▶ _WHAT THIS TASK INVOLVES_
An exact copy of every entry is needed, with no images.

Records from a data source:
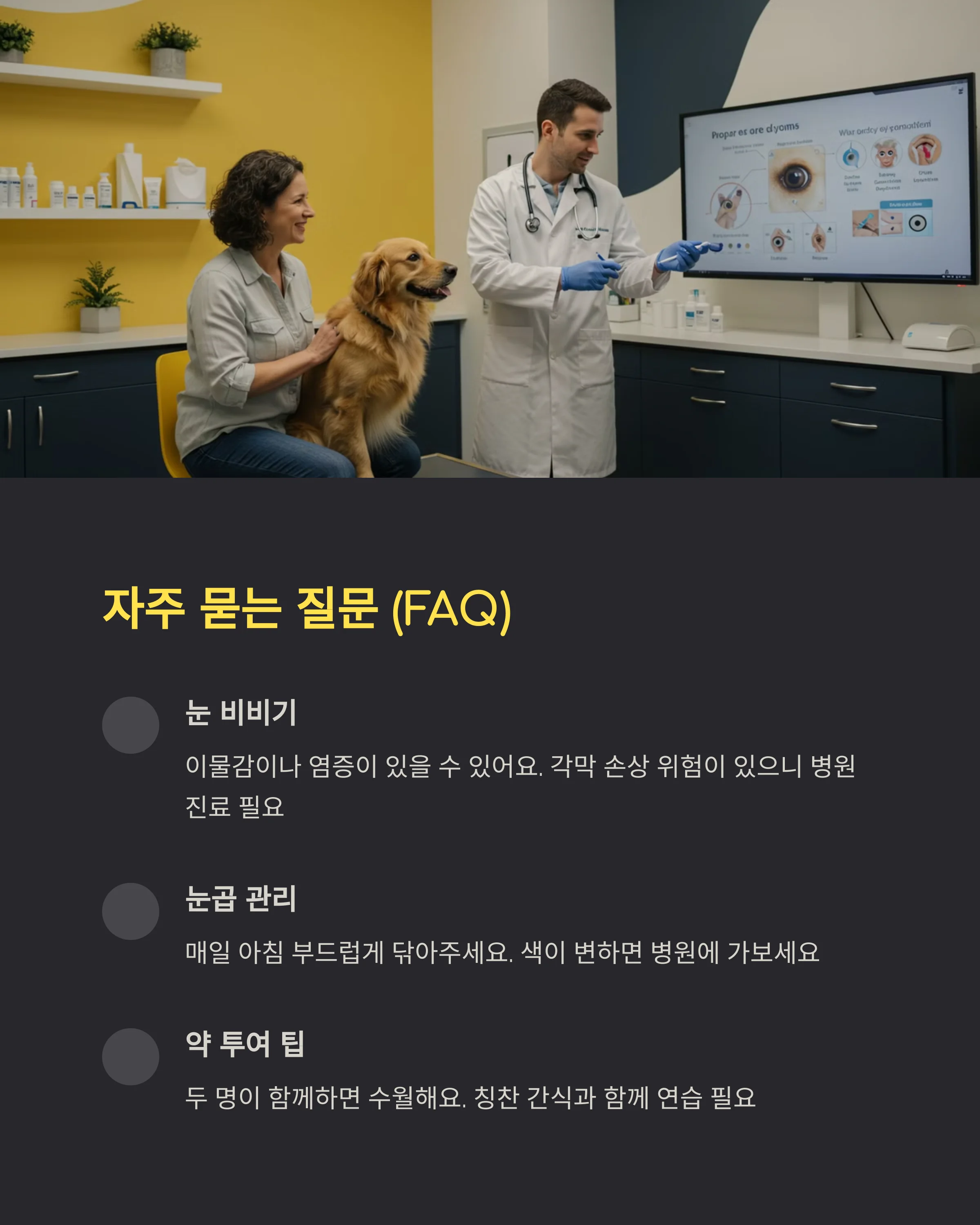 이런 증상이 보이면 절대 집에서만 지켜보지 말고, 동물병원에서 진료를 받아야 해요. 특히 눈은 하루만 지나도 급격히 악화될 수 있어서 빠른 대응이 중요하거든요.
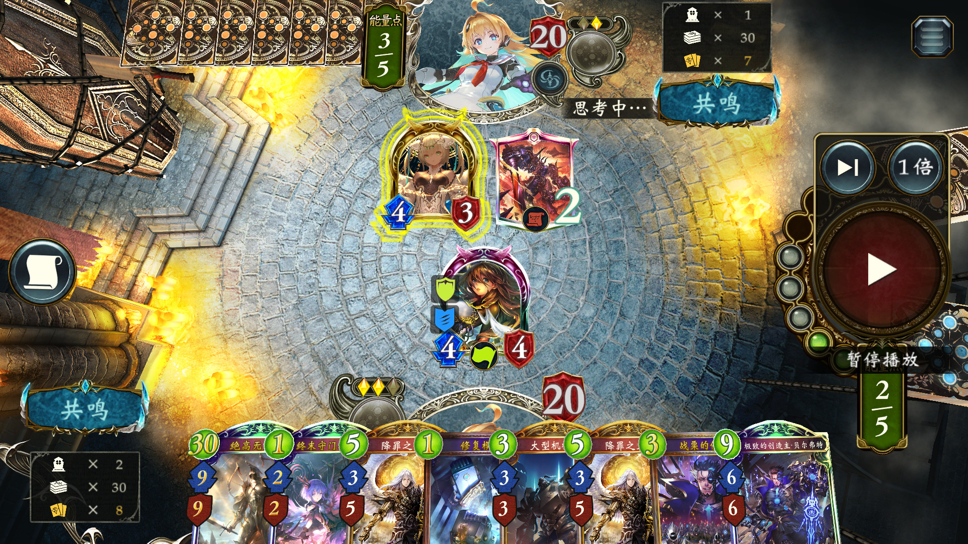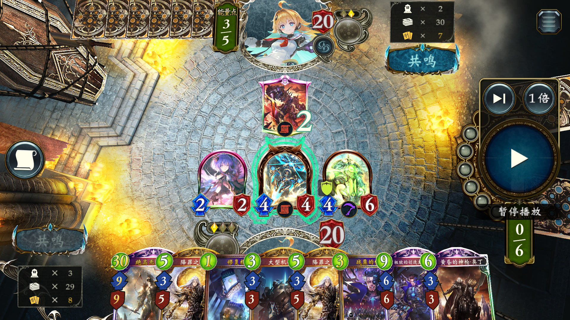 城主是6c强力节奏点,而且灵活多变。在对手场面空虚的情况下 选择 迅袭的创造物和御守的创造物组合。用小蓝进化打脸,小绿铺场守护。可以给到对手非常大的场面压力。
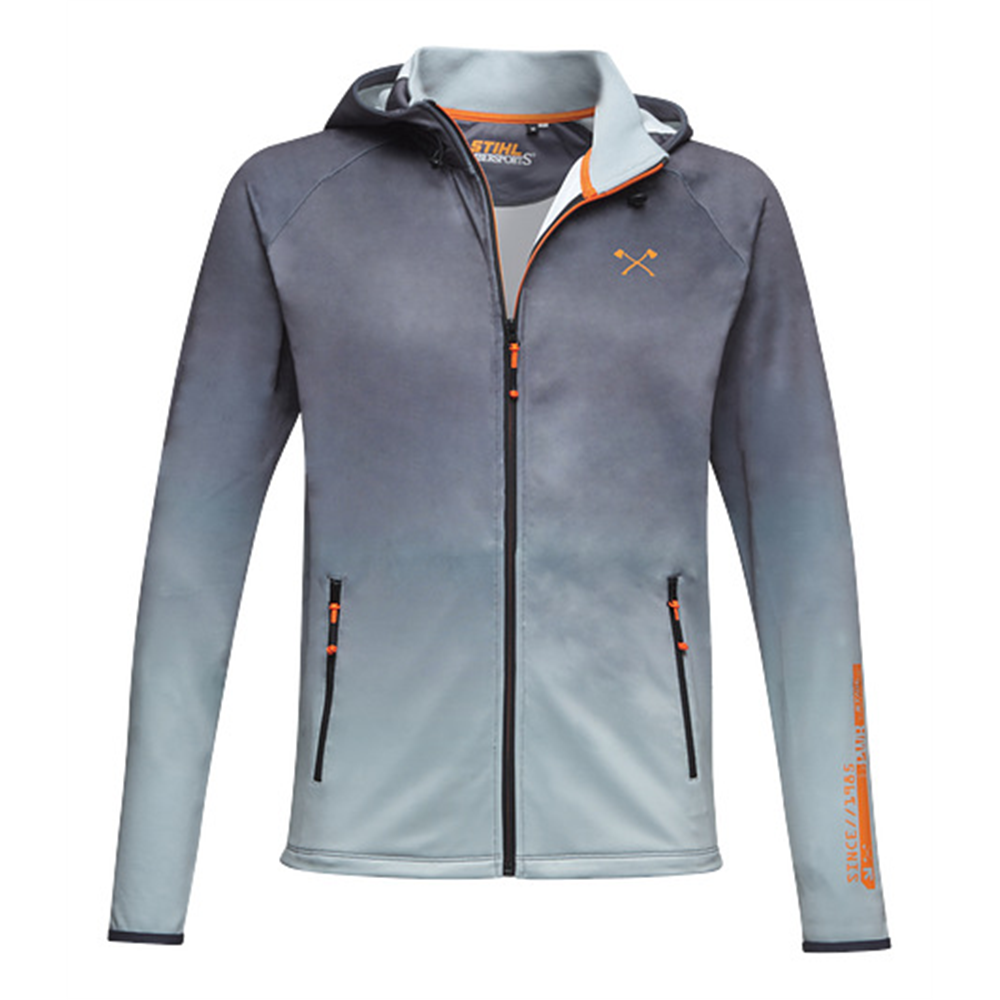 STIHL muška sportska dukserica iz kolekcije TIMBERSPORTS GRADIENT Napravljena od 95% poliestera i 5% elastina STIHL sportska dukserica za muškarce je savršen pratilac za svaku aktivnost. Sa nijansama boja od tamno do svetlosive i malim ukrštenim sekirama na grudima bićete neizostavni. Narandžasti STIHL TIMBERSPORTS® logo na rukavu je naravno obavezan.
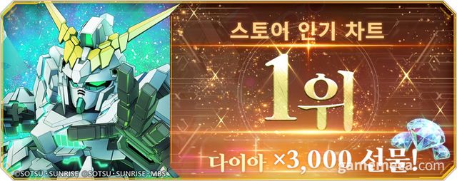 반다이남코 엔터테인먼트는 모바일게임 'SD건담 지 제네레이션 이터널'이 일본, 대만, 홍콩 앱마켓 인기 1위를 차지했다고 밝혔다. 이를 기념해 다이아 3,000개를 유저 전원에게 선물한다. 다이아는 튜토리얼 완료 후 받을 수 있다.
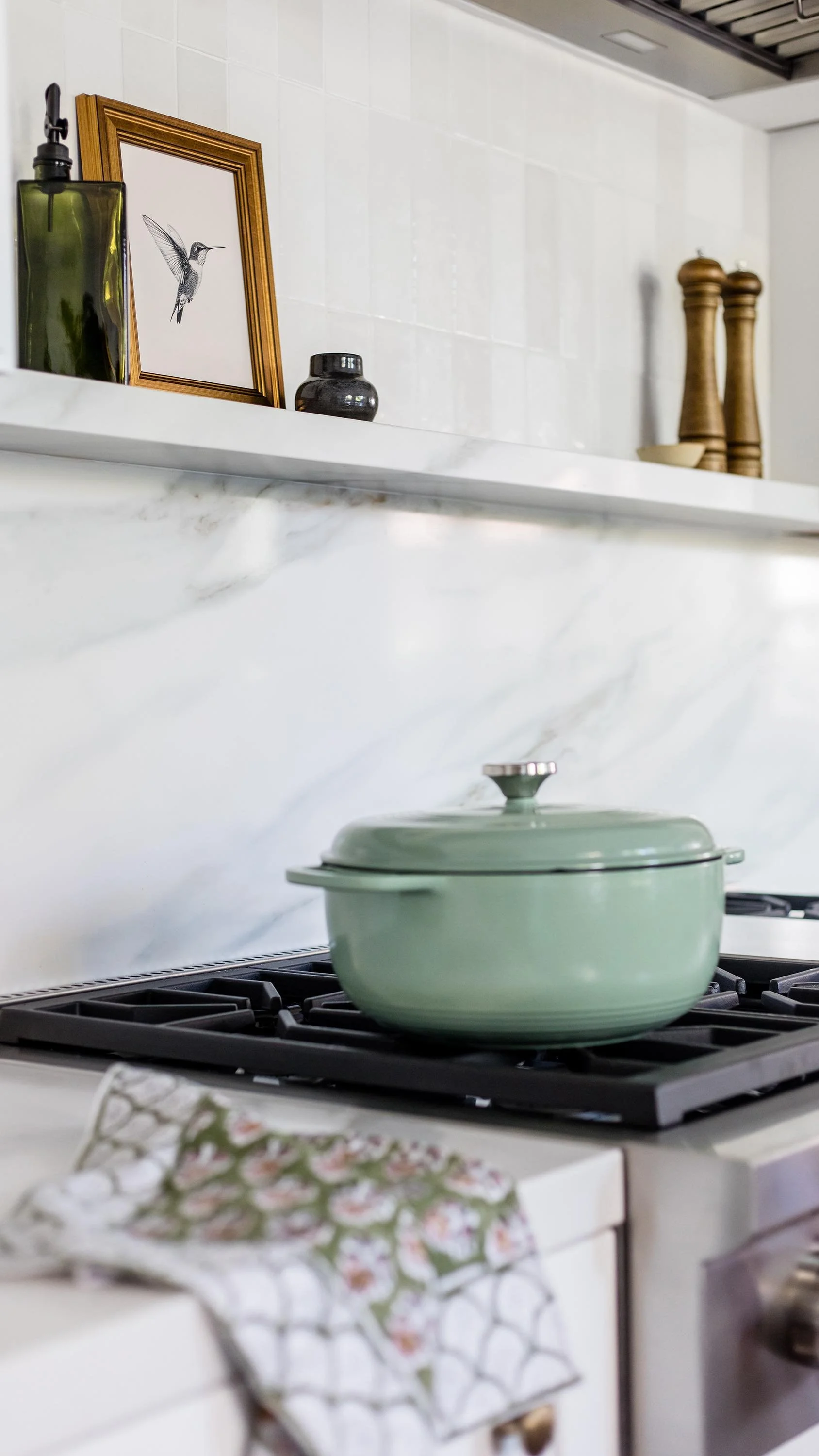 Herringbone tile takes center stage in this gorgeous guest bathroom. A custom vanity with stylish fixtures adds to its clean-lined, modern aesthetic.
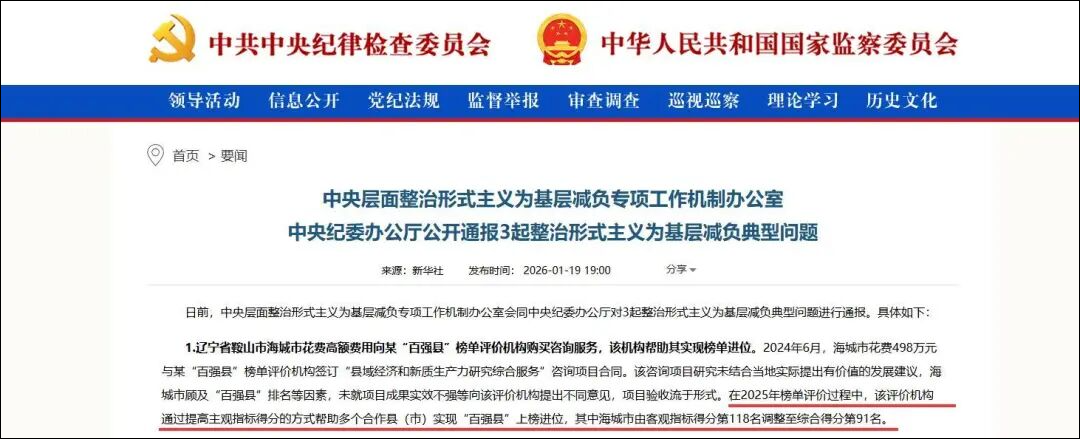 通报提到,2024年6月,海城市花费498万元与某“百强县”榜单评价机构签订“县域经济和新质生产力研究综合服务”咨询项目合同。该咨询项目研究未结合当地实际提出有价值的发展建议,海城市顾及“百强县”排名等因素,未就项目成果实效不强等向该评价机构提出不同意见,项目验收流于形式。在2025年榜单评价过程中,该评价机构通过提高主观指标得分的方式帮助多个合作县(市)实现“百强县”上榜进位,其中海城市由客观指标得分第118名调整至综合得分第91名。
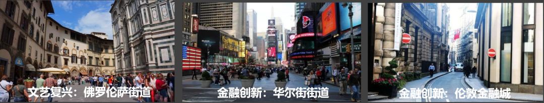 在公元1000年的时候,佛罗伦萨的弯曲小街道就孕育了欧洲的文艺复兴,当时这些小街道集聚了欧洲最牛的思想家、文学家、哲学家、物理学家、天文学家等,文艺复兴就是在这种环境下,通过不同学科进行碰撞交流产生的火花。回过头来看今天,全球最顶级的创新空间在华尔街、在伦敦金融城这些地区。华尔街500米的小街道能实现什么?作为金融从业者,在这里喝咖啡是能够感受到竞争对手在街对面喝咖啡产生的信息存在,这种交流不需要语言,只需要打个照面,一个眼神就知道对手最近在考虑什么,要怎么去应对,该怎么去跟进,这种信息的交换需要街区这种空间,通过亲近的、面对面的方式来实现的。

▶ _SOLUTION_
 이런 증상이 보이면 절대 집에서만 지켜보지 말고, 동물병원에서 진료를 받아야 해요. 특히 눈은 하루만 지나도 급격히 악화될 수 있어서 빠른 대응이 중요하거든요.
 城主是6c强力节奏点,而且灵活多变。在对手场面空虚的情况下 选择 迅袭的创造物和御守的创造物组合。用小蓝进化打脸,小绿铺场守护。可以给到对手非常大的场面压力。
 STIHL muška sportska dukserica iz kolekcije TIMBERSPORTS GRADIENT Napravljena od 95% poliestera i 5% elastina STIHL sportska dukserica za muškarce je savršen pratilac za svaku aktivnost. Sa nijansama boja od tamno do svetlosive i malim ukrštenim sekirama na grudima bićete neizostavni. Narandžasti STIHL TIMBERSPORTS® logo na rukavu je naravno obavezan.
 반다이남코 엔터테인먼트는 모바일게임 'SD건담 지 제네레이션 이터널'이 일본, 대만, 홍콩 앱마켓 인기 1위를 차지했다고 밝혔다. 이를 기념해 다이아 3,000개를 유저 전원에게 선물한다. 다이아는 튜토리얼 완료 후 받을 수 있다.
 Herringbone tile takes center stage in this gorgeous guest bathroom. A custom vanity with stylish fixtures adds to its clean-lined, modern aesthetic.
 通报提到,2024年6月,海城市花费498万元与某“百强县”榜单评价机构签订“县域经济和新质生产力研究综合服务”咨询项目合同。该咨询项目研究未结合当地实际提出有价值的发展建议,海城市顾及“百强县”排名等因素,未就项目成果实效不强等向该评价机构提出不同意见,项目验收流于形式。在2025年榜单评价过程中,该评价机构通过提高主观指标得分的方式帮助多个合作县(市)实现“百强县”上榜进位,其中海城市由客观指标得分第118名调整至综合得分第91名。
 在公元1000年的时候,佛罗伦萨的弯曲小街道就孕育了欧洲的文艺复兴,当时这些小街道集聚了欧洲最牛的思想家、文学家、哲学家、物理学家、天文学家等,文艺复兴就是在这种环境下,通过不同学科进行碰撞交流产生的火花。回过头来看今天,全球最顶级的创新空间在华尔街、在伦敦金融城这些地区。华尔街500米的小街道能实现什么?作为金融从业者,在这里喝咖啡是能够感受到竞争对手在街对面喝咖啡产生的信息存在,这种交流不需要语言,只需要打个照面,一个眼神就知道对手最近在考虑什么,要怎么去应对,该怎么去跟进,这种信息的交换需要街区这种空间,通过亲近的、面对面的方式来实现的。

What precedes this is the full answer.